■ **RAW DATA**
===============

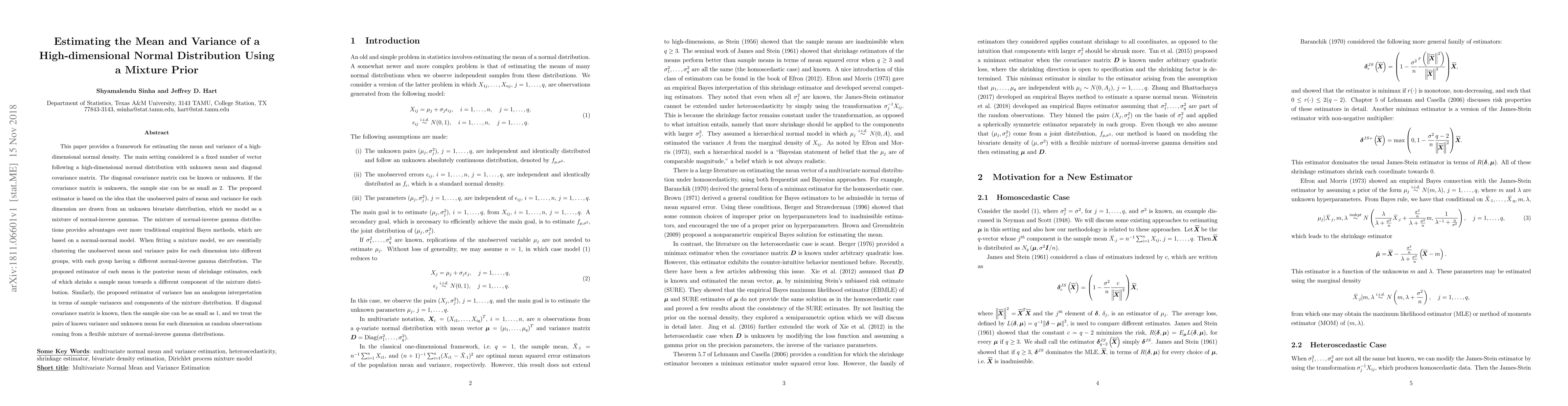 This paper proposes a mixture prior framework to estimate the mean and variance of high-dimensional normal distributions, using a mixture of normal-inverse gamma distributions to model unobserved pairs of mean and variance. The method offers advantages over traditional empirical Bayes methods and can work with as few as 2 samples when the covariance matrix is unknown.
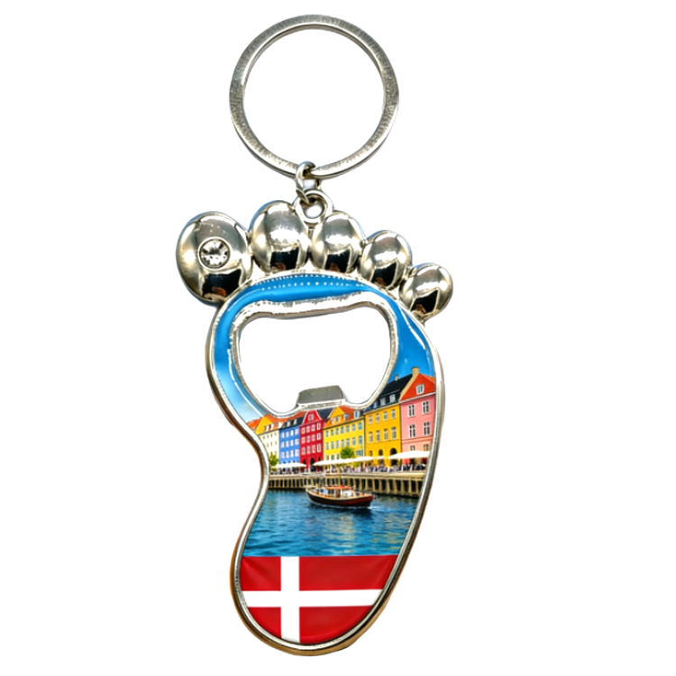 Factory Customized Logo Design Alloy Metal Bottle Opener Keyring Copenhagen Denmark Souvenir Keychain
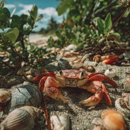 A close-up shot showcases a crab resting on a sandy surface, surrounded by seashells and green foliage. The scene is illuminated by bright sunlight, suggesting an outdoor setting. This image's natural tones and detailed textures make it suitable for various editorial and commercial applications. The composition draws focus to the crab.
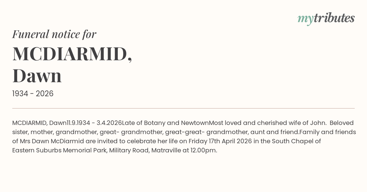 Family and friends of Mrs Dawn McDiarmid are invited to celebrate her life on Friday 17th April 2026 in the South Chapel of Eastern Suburbs Memorial Park, Military Road, Matraville at 12.00pm.

===============

■ **AIM OF THE TASK**
Line by line and exactly, write out the material above. Skip the pictures.

■ **RESPONSE BELOW**
 This paper proposes a mixture prior framework to estimate the mean and variance of high-dimensional normal distributions, using a mixture of normal-inverse gamma distributions to model unobserved pairs of mean and variance. The method offers advantages over traditional empirical Bayes methods and can work with as few as 2 samples when the covariance matrix is unknown.
 Factory Customized Logo Design Alloy Metal Bottle Opener Keyring Copenhagen Denmark Souvenir Keychain
 A close-up shot showcases a crab resting on a sandy surface, surrounded by seashells and green foliage. The scene is illuminated by bright sunlight, suggesting an outdoor setting. This image's natural tones and detailed textures make it suitable for various editorial and commercial applications. The composition draws focus to the crab.
 Family and friends of Mrs Dawn McDiarmid are invited to celebrate her life on Friday 17th April 2026 in the South Chapel of Eastern Suburbs Memorial Park, Military Road, Matraville at 12.00pm.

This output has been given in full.